Managers are increasingly using online contributions to make hiring decisions. However, it is nontrivial to find relevant information about candidates in large online, global communities. Potential employers, as well as recruiters, are increasingly using the history of public contributions to locate suitable candidates, filter applicants for a position, or inform interview interactions. Literature suggests that both types of information (technical and social skills) are important when assessing developers. We designed Visual Resume to aggregate activity traces across two different types of peer production sites: a code hosting site (GitHub) and a technical Q&A forum (Stack Overflow). It aggregates developer activities across projects and languages to portray their technical and soft skills. More specifically, it extracts histories of commits, issues, comments, programming languages, and projects in GitHub. For Stack Overflow it groups data on answers, questions, comments, and tags. Aggregating activities across online communities can build a more accurate profile, since developers can contribute to multiple projects and forums. This also helps in comparison of contributions across sites as different sites can have different presentation styles. Our scenario-based, formative study found that participants appreciated the ability to compare candidates based on overall summaries, and to drill down to a particular contribution to assess its quality. ( Best Paper Award )
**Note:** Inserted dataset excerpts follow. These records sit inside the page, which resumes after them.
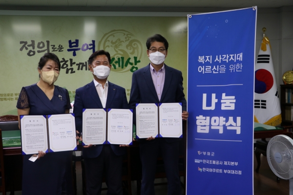 [충청뉴스큐] 부여군은 최근 한국조폐공사 제지본부와 한국야쿠르트 부여대리점과 폭염 취약 독거노인 안부확인 사업을 위한 협약식을 진행했다.
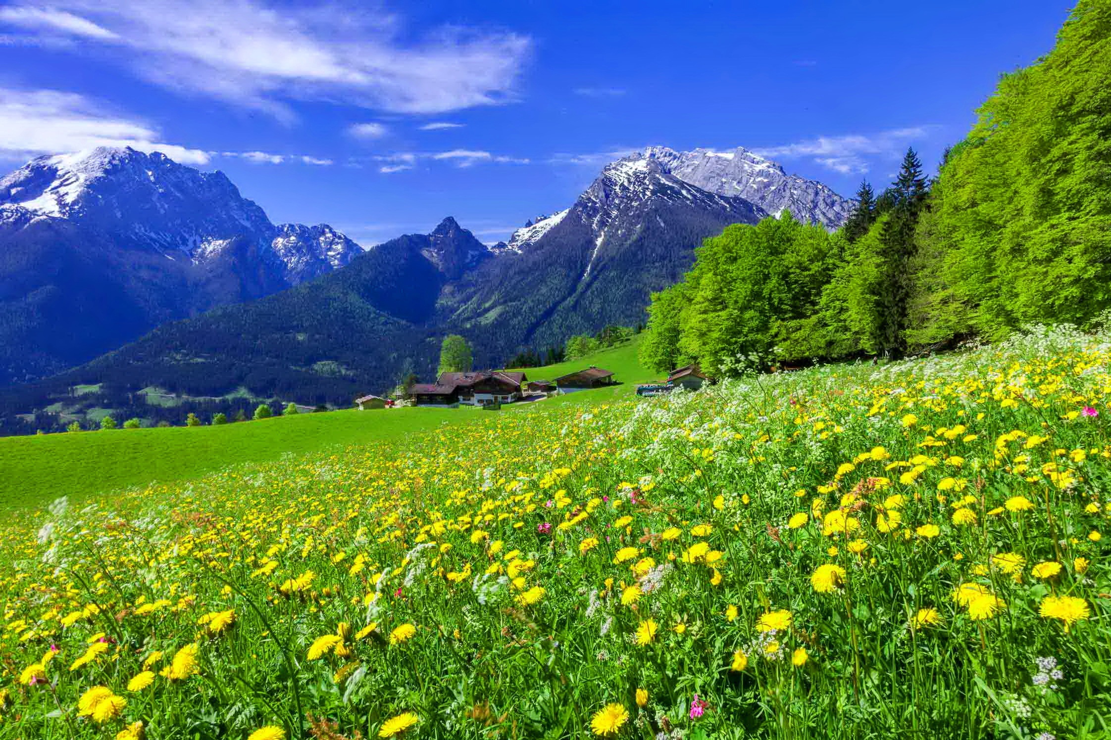 Edytor tapety: Łąka, Kwiaty, Góry, Lasy, Domy, Wiosna
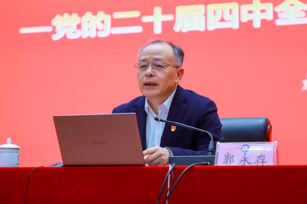 郭永存作了题为《深学细悟全会精神,实干笃行担当使命,努力成长为堪当民族复兴重任的时代新人》的党课暨思想政治理论课,重点围绕学习贯彻党的二十届四中全会精神,着眼国际国内发展形势,紧密结合安徽发展状况,立足高等教育使命和学校创新发展实际,引用详实的数据案例和鲜活的发展实践,对全会精神进行了系统阐释和深入解读。
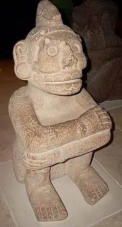 La escultura representa a Mictlantecuhtli, (palabra Nahuatl que significa señor del inframundo) es el dios azteca, zapoteca y mixteca del inframundo y de los muertos (no tenían concepto católico del infierno), también era llamado Popocatzin (de "popoca" 'fumar'), por lo tanto era el dios de las sombras. Juntamente con su esposa Mictecacíhuatl, regía el mundo subterráneo o reino de Mictlán. Ejercía su soberanía sobre los "nueve ríos subterráneos" y sobre las almas de los muertos. Se le representa como el esqueleto de un humano con una calavera con muchos dientes. Asociado con las arañas, los murciélagos y los búhos, al ser dibujado se representaba con cabello negro y con ojos estelares o estrellas.
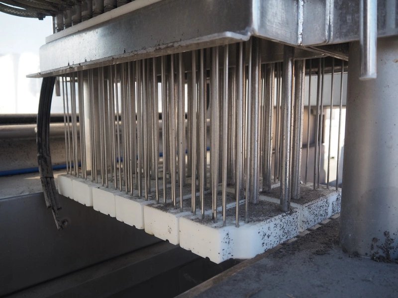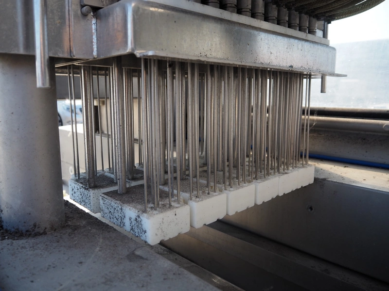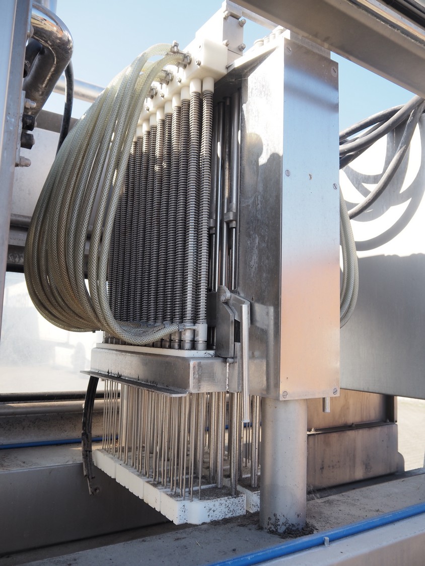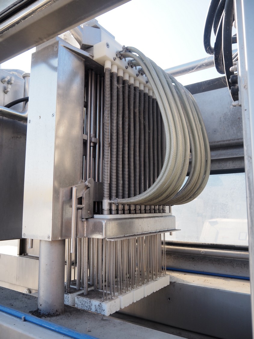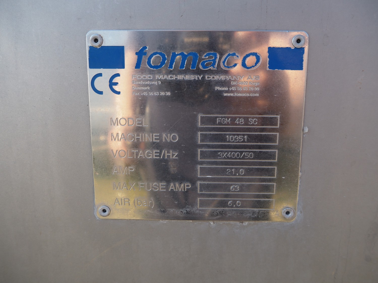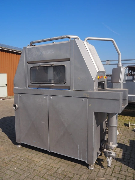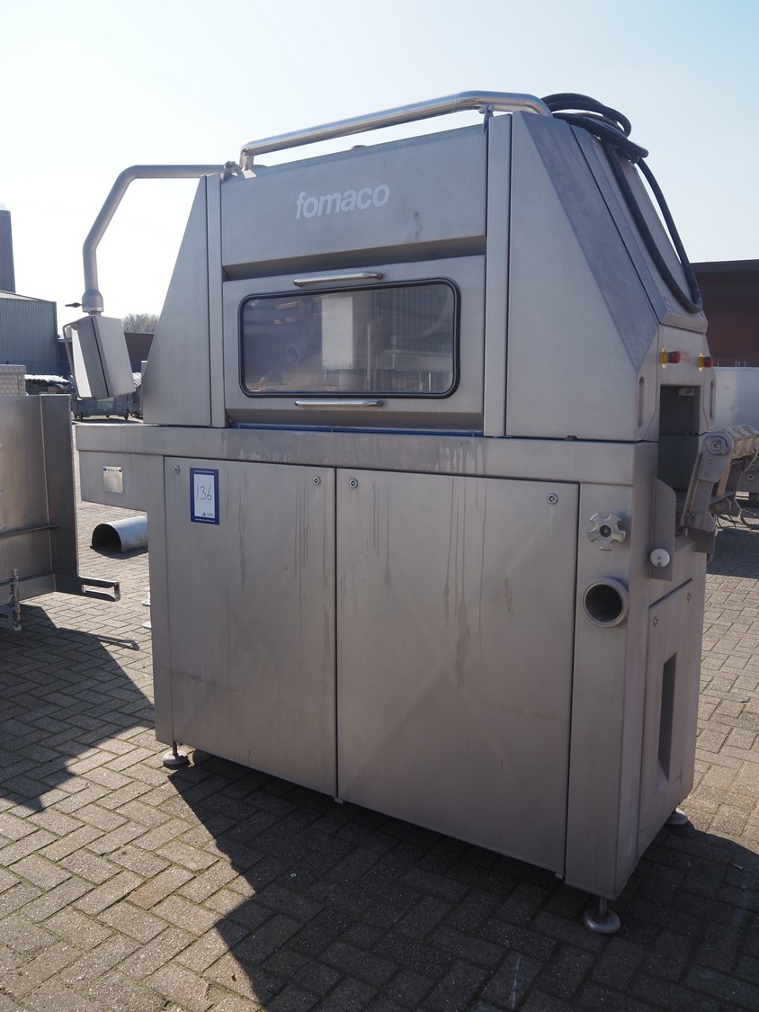Fomaco injector, model: FGM 48 SC, machine number: 10351, 400 V, 3 Ph, 50 Hz, 21 A, 96 needles, belt width: 420 mm, total dimensions: 2450 mm x 1000 mm x 2300 mm. Incomplete.
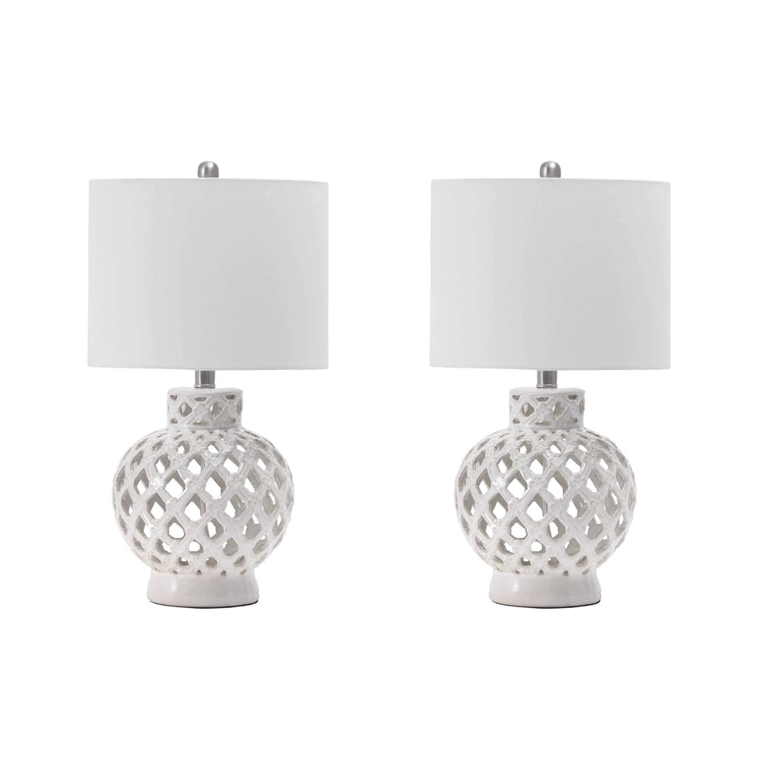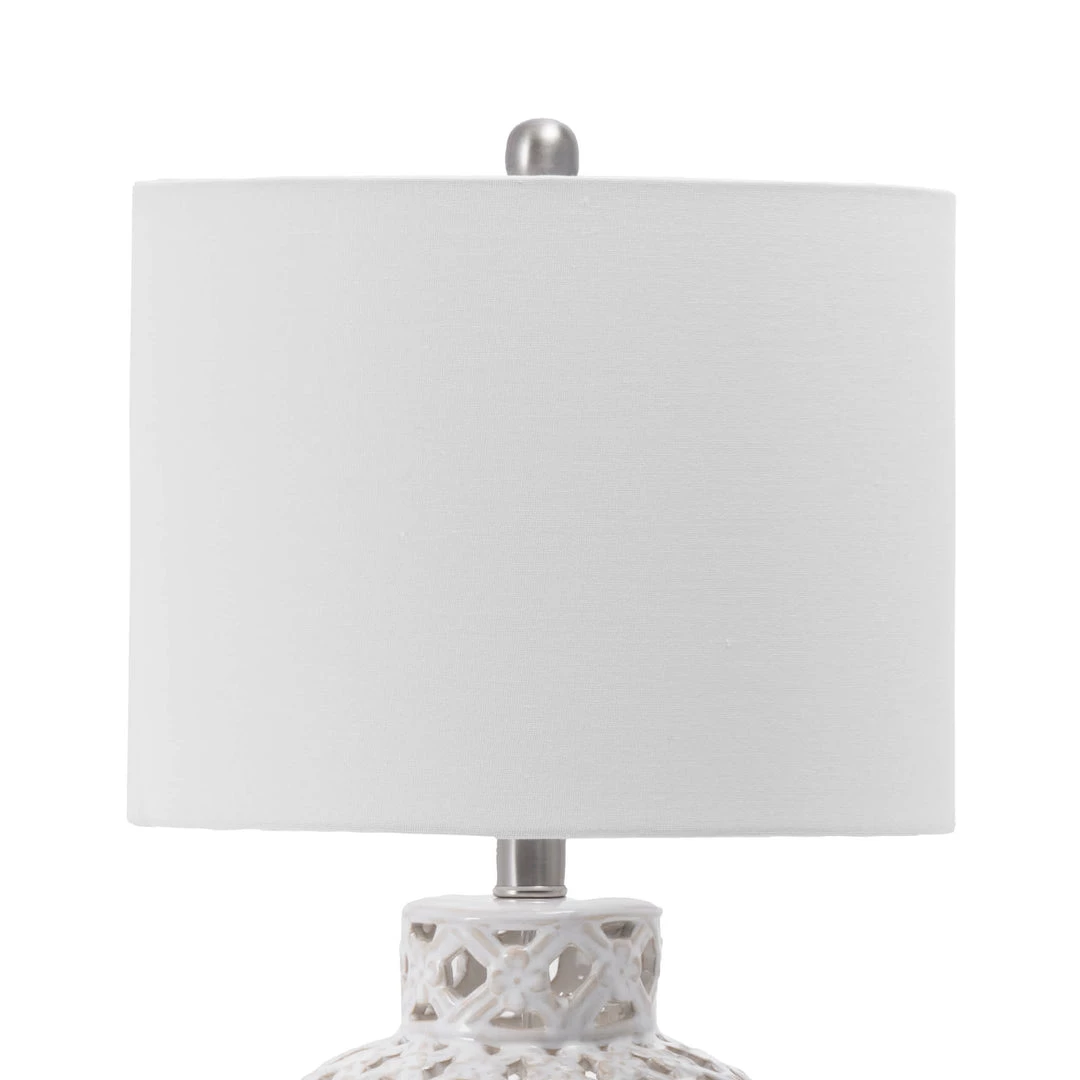 Calm the vibe in your coastal-designed living space with this decorative table lamp. The wide, rounded body features classic ceramic construction with textured designs for a sense of depth. The fabric shade diffuses light well, giving you functional, warm illumination, and the simple on-off switch makes operation easy.
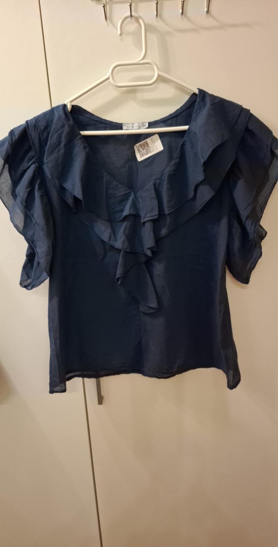 Bluzka 100% bawełna  z krótkim rękawem . Falbanki w kształcie żabociku – zapinana na guziki , na rękawku podwójna falbanka . Kolekcja włoska . Rozmiar Uniwersalny od M do XL . Biust do 116 cm , długość 62 cm
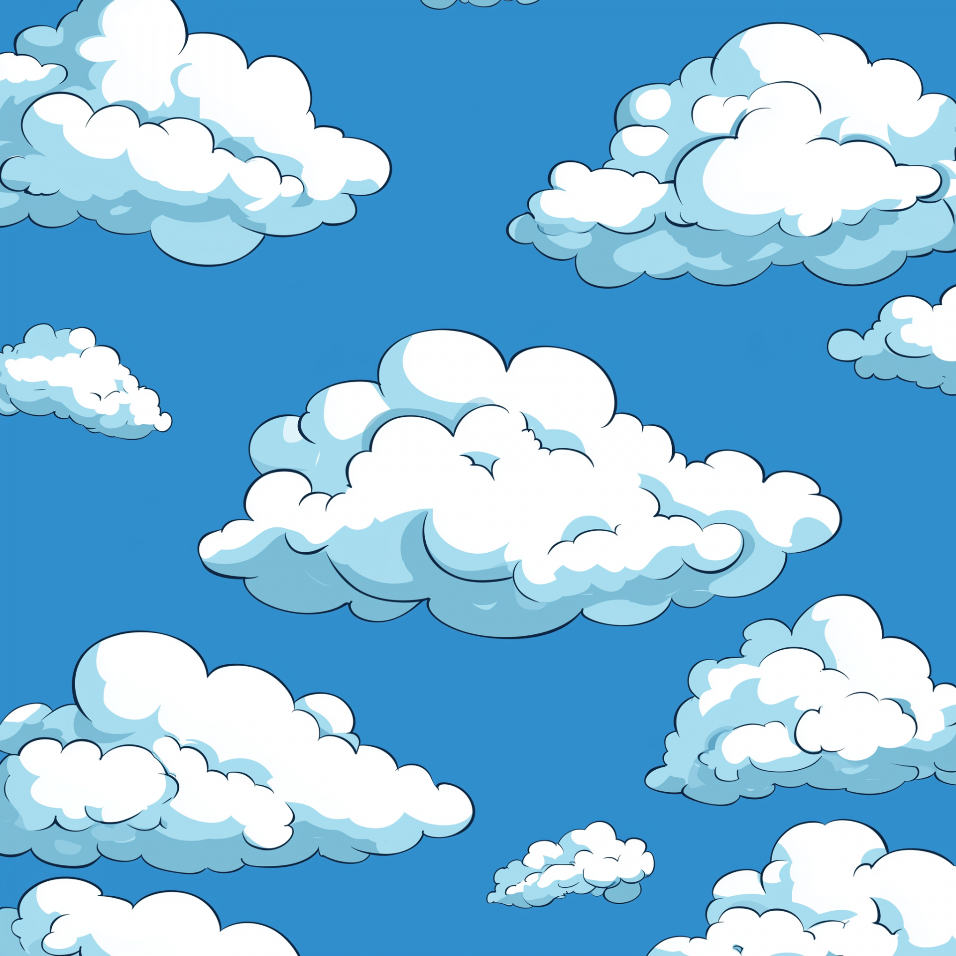 The image features fluffy white clouds set against a bright blue background, evoking a cheerful and whimsical feeling. The illustration is vibrant and colorful, resembling a playful comic style that's sure to bring a smile.
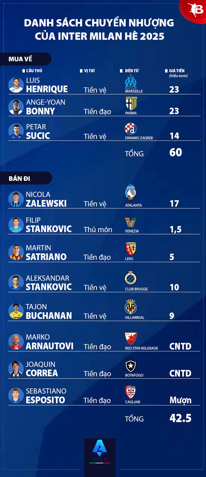 Với quyết tâm xua tan ký ức buồn mùa trước, Inter đã là một trong những CLB Serie A năng động nhất trên thị trường chuyển nhượng. Liệu nỗ lực này có đủ để họ đòi lại ngôi vương hay không vẫn là dấu hỏi lớn khi chúng ta nhìn về mùa giải 2025/26.
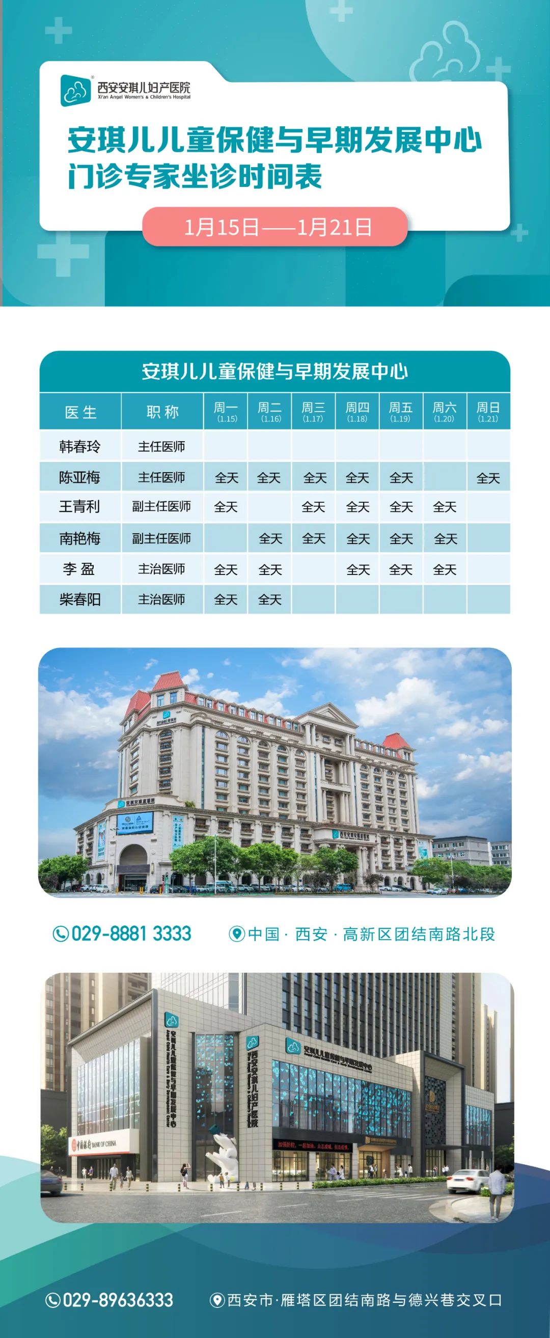 请收好!门诊专家(1月15日-1月21日)排班表

I am using social network analysis and deep machine learning techniques to understand the socio-technical behavior of programmers. For example, I am investigating how people learn code between their social and technical collaborations. I am also investigating the social behavior of the programmers when they move within and between social and technical sites. The understanding of these will help in designing tools for searching code, which programmers can trust and are based on their social interactions.
Programmers reuse code to increase their productivity, which leads to large fragments of duplicate or near-duplicate code in the code base. The current code clone detection techniques for finding semantic clones utilize Program Dependency Graphs (PDG), which are expensive and resource-intensive. PDG and other clone detection techniques utilize code and have completely ignored the comments - due to ambiguity of English language, but in terms of program comprehension, comments carry the important domain knowledge. utilized with LDA and are equivalent to sophisticated PDG based techniques. One approach would be using comments with LDA to detect clone sets at the file level, as this process is less resource-intensive, and applying PDG based code detection techniques at the function level.